# Any recommendation on good Watch Box brands?



## Jamesy87

Hi do you guys have any good recommendations for Watch Box brands? I'm looking for watch boxes to store 5-10 watches.

I'm looking for a good quality ones and so far I've found Wolf watch boxes, but I find them charging quite a lot for the watch boxes that are made in China (where Chinese brands in Amazon sells 3-4 times lesser)

Thanks in advance!


----------



## Sav

I can recommend Rainer watch boxes. Great quality and look superb. I have owned one of his 18 slot boxes for 4-5 years and it still looks new. He has an ebay store here >> 
https://www.ebay.com/str/finestboxes/


----------



## DevineTime

I picked up a Glenor Co box off of amazon, I’m pretty happy with it for the price. I have the one with the drawer that I use to put straps and links in. 

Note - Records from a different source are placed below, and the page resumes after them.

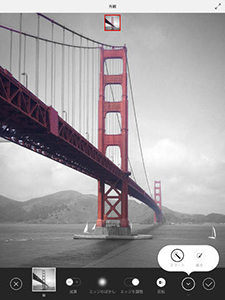 今回発表されたモバイルアプリのうち、「Photoshop Mix」ではiPad上での合成/マスキングなどの処理が可能。下方に操作ボタンが用意されており、ボタンの選択後にスライダ調整やプリセット選択によって各種編集を行える。編集は全て非破壊で行われ、やり直しや初期状態への復帰が可能だ。また、PSDファイルを開いて保存できる機能により、デスクトップ上のPhotoshop CCの高度な機能にアクセスして編集操作を行うことも可能。Photoshop CCとのシームレスな連携ワークフローを構築できる。
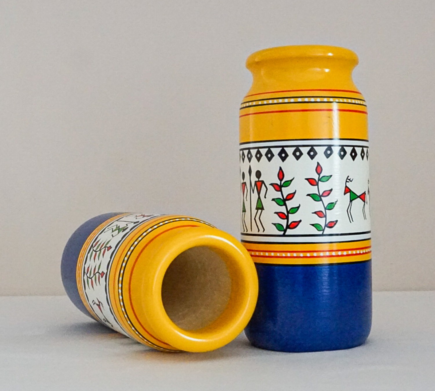 Channapatna Wooden - Colourful Art Work Flower Vase (L=20CM,W=9CM)
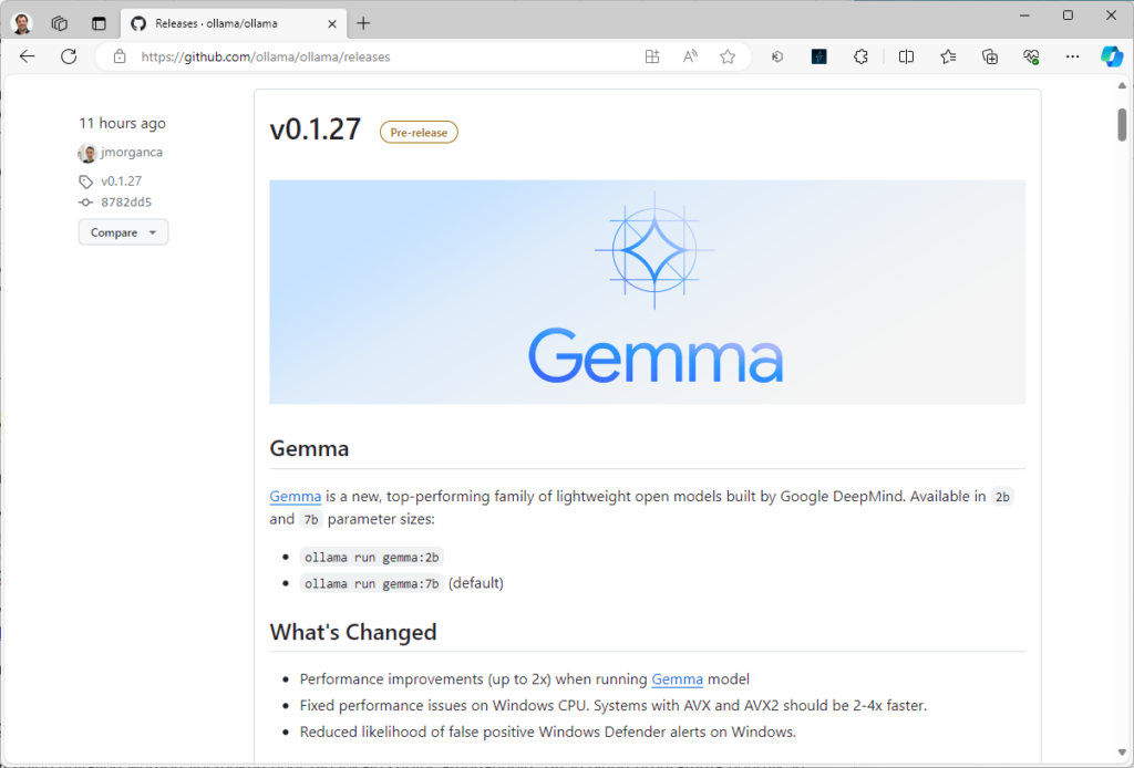 De installatie van Ollama is eenvoudig. Onder Windows kun je een standaard installatieprogramma gebruiken. We raden aan om deze op te halen via de pagina met releases op GitHub (https://github.com/ollama/ollama/releases). Daar kun je de laatste versie downloaden en lees je over de recente veranderingen.

Sent from my iPhone using Tapatalk


----------



## yankeexpress

Old pics, had this for years, programmable winders. Don't remember where or who sells it. Got it online.


----------



## StufflerMike

Juvo.
Ian Hawthorne.
Aspinal of London.
LV.
Scatalo del tempo.
Orbita.
Underwood.
Rapport London.
Beco.


----------



## rulelondinius

Sav said:


> I can recommend Rainer watch boxes. Great quality and look superb. I have owned one of his 18 slot boxes for 4-5 years and it still looks new. He has an ebay store here >>


those look superb but damn $50 shipping to the US


----------



## Sav

It is a heavy box to be fair. Some good suggestions above too.


----------



## Friday

Sav said:


> I can recommend Rainer watch boxes. Great quality and look superb. I have owned one of his 18 slot boxes for 4-5 years and it still looks new. He has an ebay store here >>
> https://www.ebay.com/str/finestboxes/


Are those wooden?


----------



## StufflerMike

JuvoLuxury


----------



## lawtaxi

Wolf. Pricey but good.


----------



## cyberneticbum

I have this one and as a glasses wearer i found it pretty neat. Well made. Been using it 4 years:

https://www.techswiss.com/raymond-sunglass-watch-valet-in-black/

Not affiliated ^

Edit: had the wrong link


----------



## wintershade

If you own primarily manually wound watches on leather straps, do all tend to prefer the watch boxes where they lay flat, or the ones with the little balls where you have to strap the watch around it like a little wrist?


----------



## Kmcmichael

I use a cheap one that I got at Stein Mart. I put paper towels around the watches so they do not bump together. They are not displayed but reside in my safe. I would like a nicer one but would have to see it before ordering.


----------



## amg786

Recently came across a Malaysian brand by the name of Billstone winders. Quality is fairly decent 


Sent from my iPhone using Tapatalk


----------



## amg786

stuffler said:


> Juvo.
> Ian Hawthorne.
> Aspinal of London.
> LV.
> Scatalo del tempo.
> Orbita.
> Underwood.
> Rapport London.
> Beco.


I've had my Beco Boxy for around ten years now- still going strong.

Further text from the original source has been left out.